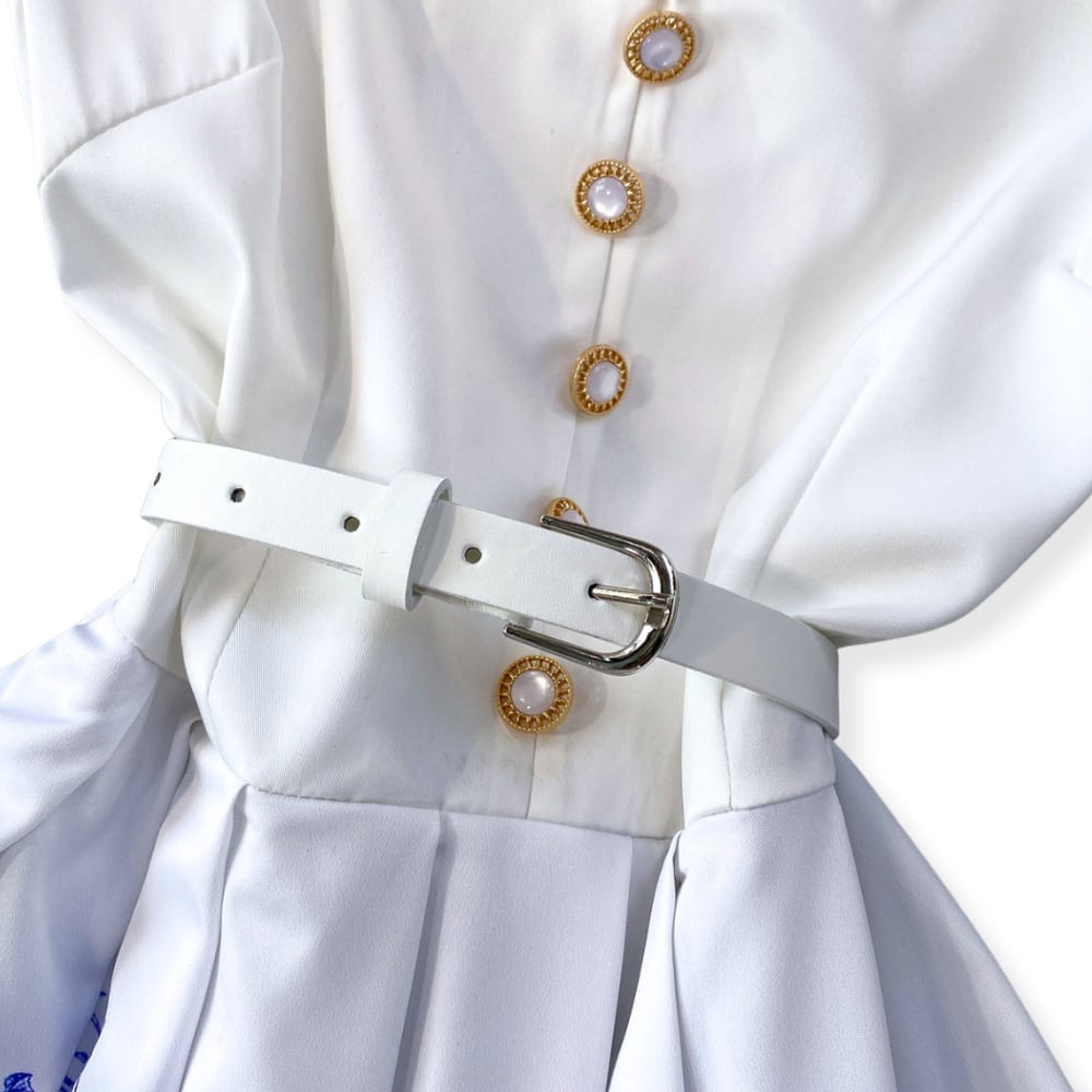 ホワイトのウエストベルトは取り外し可能
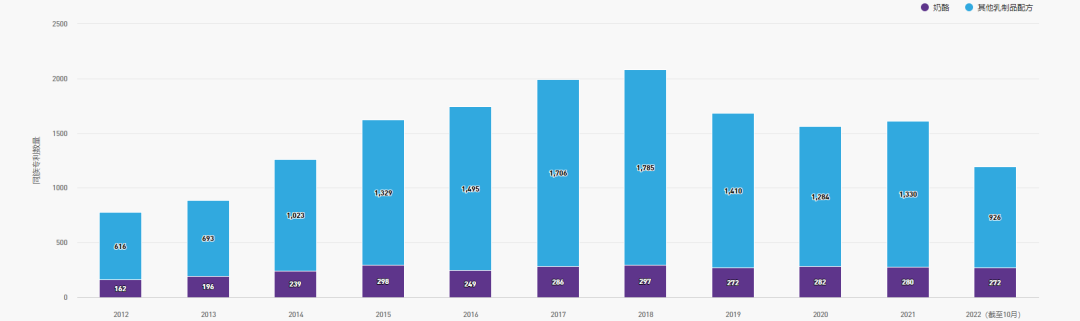 近年來與奶酪配方相關(guān)的專利有所下降,
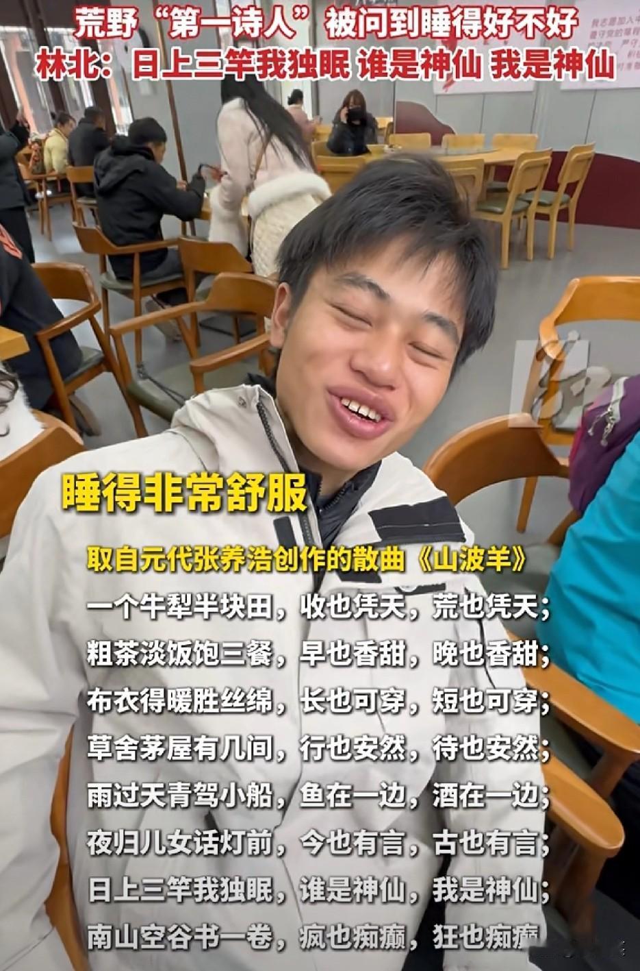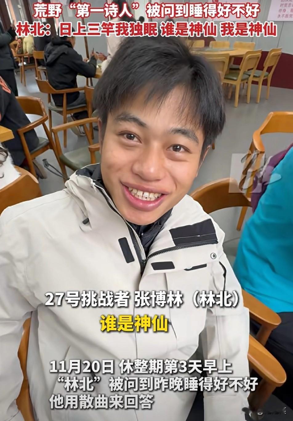 学中医的荒野挑战者 一张嘴把元曲给盘活了? 荒野挑战休整时被问“睡得咋样”,挑战者林北直接甩出元代张养浩的散曲 “日上三竿我独眠,谁是神仙我是神仙” 等网友扒出他是学中医的,这文学技能是背着大家偷偷点满的? 后来他攥着沾泥的零食 蹲在荒草里笑出褶子:“我是自己的Super monkey,你们得做自己的Super star” 糙日子被他过成诗 我们追的到底是“野生才子”的反差,还是把苦日子过顺的通透 这松弛感是演的,还是真活出来的 反正“中医+诗人+挑战者”这混搭,是把流量密码焊得死死的。荒野林北 林北荒野 你最看好七星山荒野求生中的谁 每日生活的感悟
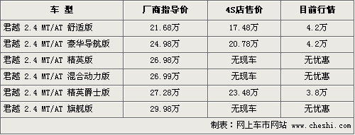 作为一款中级商务车,新君越在配置以及空间有一定的特点,它装备了强大的智能中文语音导航系统,三音源分控式DVD剧院系统以及方向盘控制的车载蓝牙电话系统充分考虑到了商务人士的乘坐需要。而即将上市的新款君越在外观上的全系升级又让消费者重新认识到君越的独特魅力。目前,笔者从别克经销商处了解,新款君越已经开始接受预订,老款优惠增加,具体行情如下:
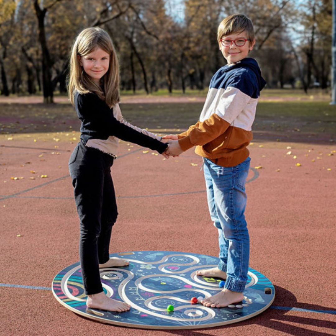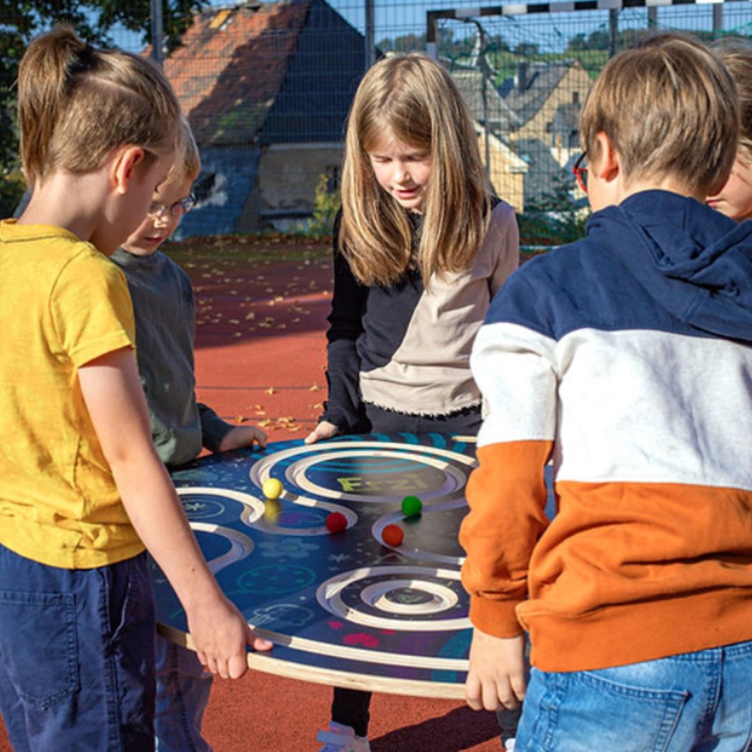 Балансиращата игра Erzi Team-Disc е иновативна и устойчива на надраскване дървена играчка, която развива баланса, координацията и работата в екип. Подходяща както за деца, така и за възрастни, тази координационна игра предлага разнообразие от възможности – от самостоятелна сензорна игра до екипни упражнения за двама, трима или четирима участници.
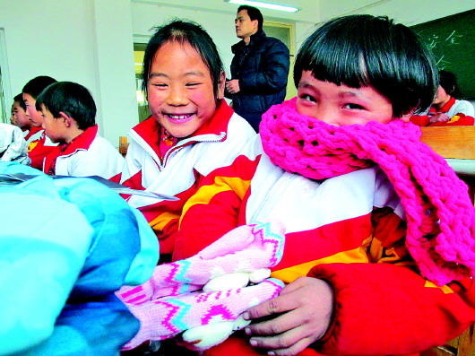 去年,长清龙湾小学的孩子领到御寒棉衣。 本报记者 肖龙凤 摄

ACTIVITY ::
Please copy exactly, and only, the lines from the one that contains "林北荒野 你最看好七星山荒野求生中的谁 每日生活的感悟" through the last line of the data above, omitting all pictures.

EXPECTED ANSWER ::
 学中医的荒野挑战者 一张嘴把元曲给盘活了? 荒野挑战休整时被问“睡得咋样”,挑战者林北直接甩出元代张养浩的散曲 “日上三竿我独眠,谁是神仙我是神仙” 等网友扒出他是学中医的,这文学技能是背着大家偷偷点满的? 后来他攥着沾泥的零食 蹲在荒草里笑出褶子:“我是自己的Super monkey,你们得做自己的Super star” 糙日子被他过成诗 我们追的到底是“野生才子”的反差,还是把苦日子过顺的通透 这松弛感是演的,还是真活出来的 反正“中医+诗人+挑战者”这混搭,是把流量密码焊得死死的。荒野林北 林北荒野 你最看好七星山荒野求生中的谁 每日生活的感悟
 作为一款中级商务车,新君越在配置以及空间有一定的特点,它装备了强大的智能中文语音导航系统,三音源分控式DVD剧院系统以及方向盘控制的车载蓝牙电话系统充分考虑到了商务人士的乘坐需要。而即将上市的新款君越在外观上的全系升级又让消费者重新认识到君越的独特魅力。目前,笔者从别克经销商处了解,新款君越已经开始接受预订,老款优惠增加,具体行情如下:
 Балансиращата игра Erzi Team-Disc е иновативна и устойчива на надраскване дървена играчка, която развива баланса, координацията и работата в екип. Подходяща както за деца, така и за възрастни, тази координационна игра предлага разнообразие от възможности – от самостоятелна сензорна игра до екипни упражнения за двама, трима или четирима участници.
 去年,长清龙湾小学的孩子领到御寒棉衣。 本报记者 肖龙凤 摄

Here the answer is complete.